Muhyiddin yang juga merupakan Presiden Parti Pribumi Bersatu Malaysia (BERSATU) akan menghadapi sejumlah dakwaan sesuai Pasal 23 Undang-Undang Komisi Anti Korupsi Malaysia (ASPRM) 2009 dan Pasal 4(1)b Anti Pencucian Uang, Pencegahan Pendanaan Terorisme dan Hasil Dari Kegiatan Ilegal (AMLATFPUAA) 2001.

Jika terbukti bersalah, Pasal 24 UU ASPRM menetapkan hukuman penjara tidak lebih dari 20 tahun dan denda tidak kurang dari lima kali lipat dari jumlah atau nilai suap atau RM10.000 menurut mana yang lebih tinggi.
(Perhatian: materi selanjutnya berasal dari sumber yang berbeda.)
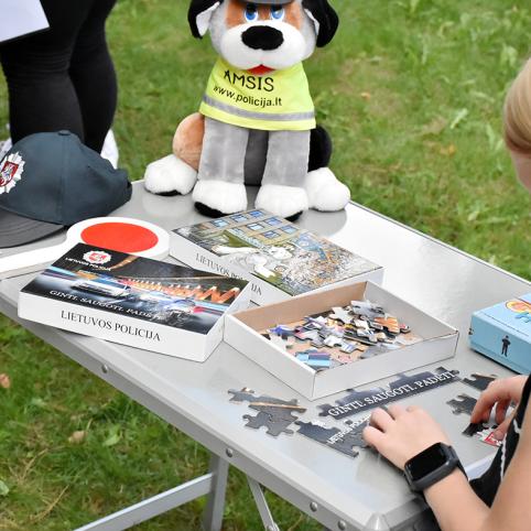 Į šventę atvyko ir policijos atstovai. Kvietė sudėlioti Lietuvos policijos dėlionę ir gauti prizą bei pasidžiaugti Amsiaus draugija. O atsakius į policijos pareigūnų arba jaunųjų policijos rėmėjų klausimus, įminus mįslę buvo galima gauti dovanų, padedančių užtikrinti vaikų saugumą kelyje.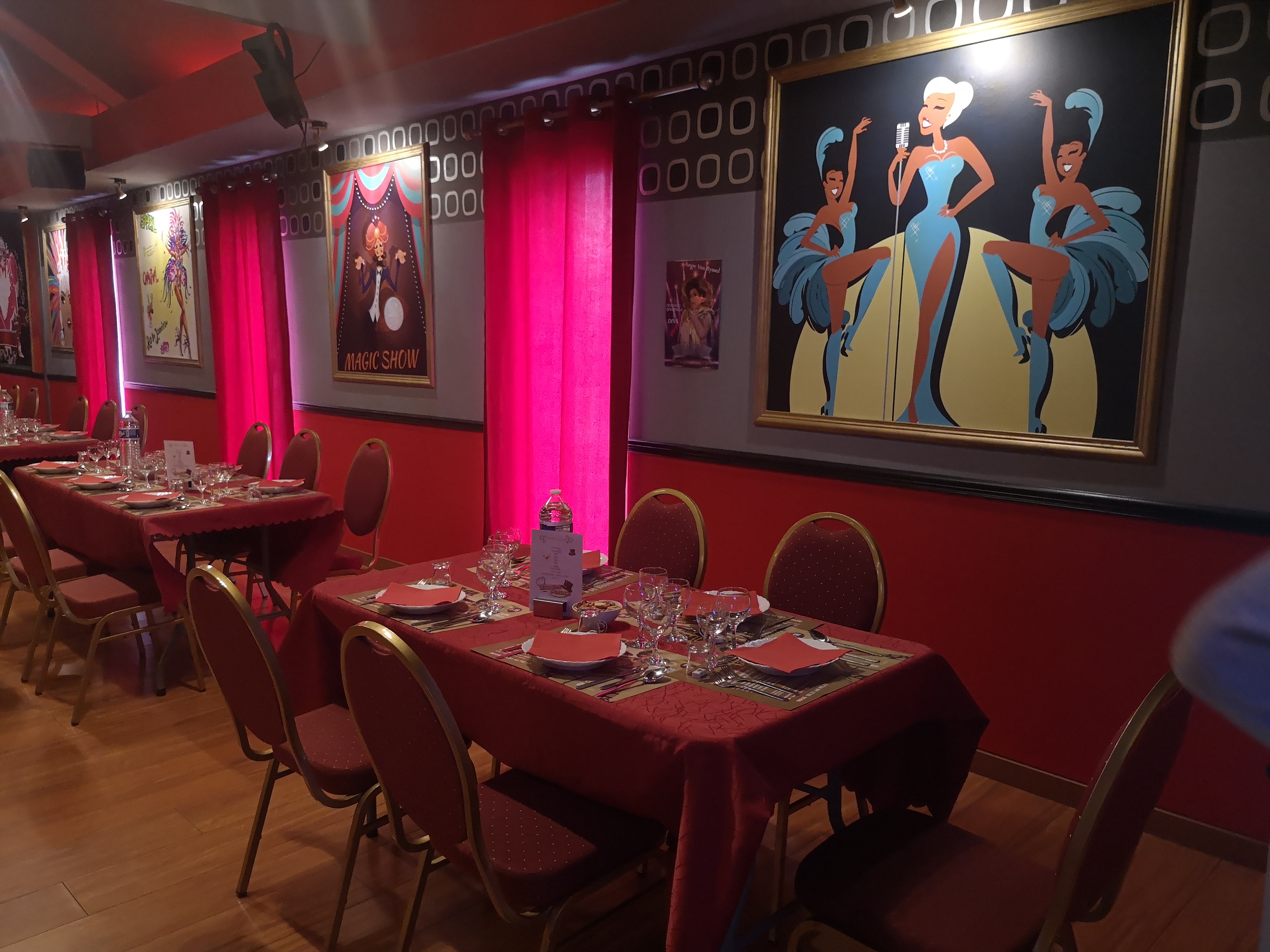 Je souhaite avant tout remercier fortement les patrons de l'établissement, ainsi que les cuisiniers, les serveurs, mais aussi les intermittents, pour leurs accueils fort sympathique, leurs attentions répétées et leurs savoir faire indiscutables. On a était reçu comme des rois, le personnel étant aux petits soins. Le plus impressionnant c'est le naturel qui en découle. Merci de nous rappeler que le service, l'accueil et la sympathie ne sont pas des valeurs de travail mais plutôt des valeurs humaines. Les spectacles proposés sont finalement à la carte car il s'adapte en permanence aux besoins des clients (plus de danse ou plus de spectacles par exemple). Le repas est correct et suffisant. Vraiment pour les personnes, individuels ou en groupe, n'hésitez pas à aller sur leurs sites pour réserver une table et profitez du spectacle, vous ne serez pas déçu. Transformismes, danse, sketch avec imitation, chants, il y en a pour tout les goûts. Bravo et à bientôt.

Sedangkan pada bagian 4(1)(a) AMLATFPUAA juga menetapkan denda maksimal RM5 juta dan penjara tidak lebih dari lima tahun atau keduanya, jika terbukti bersalah.

Mantan PM Malaysia itu membenarkan, bahwa MACC telah dipanggil untuk bersaksi tentang Jana Wibawa sebagai saksi dan bukan tersangka pada 18 Februari lalu.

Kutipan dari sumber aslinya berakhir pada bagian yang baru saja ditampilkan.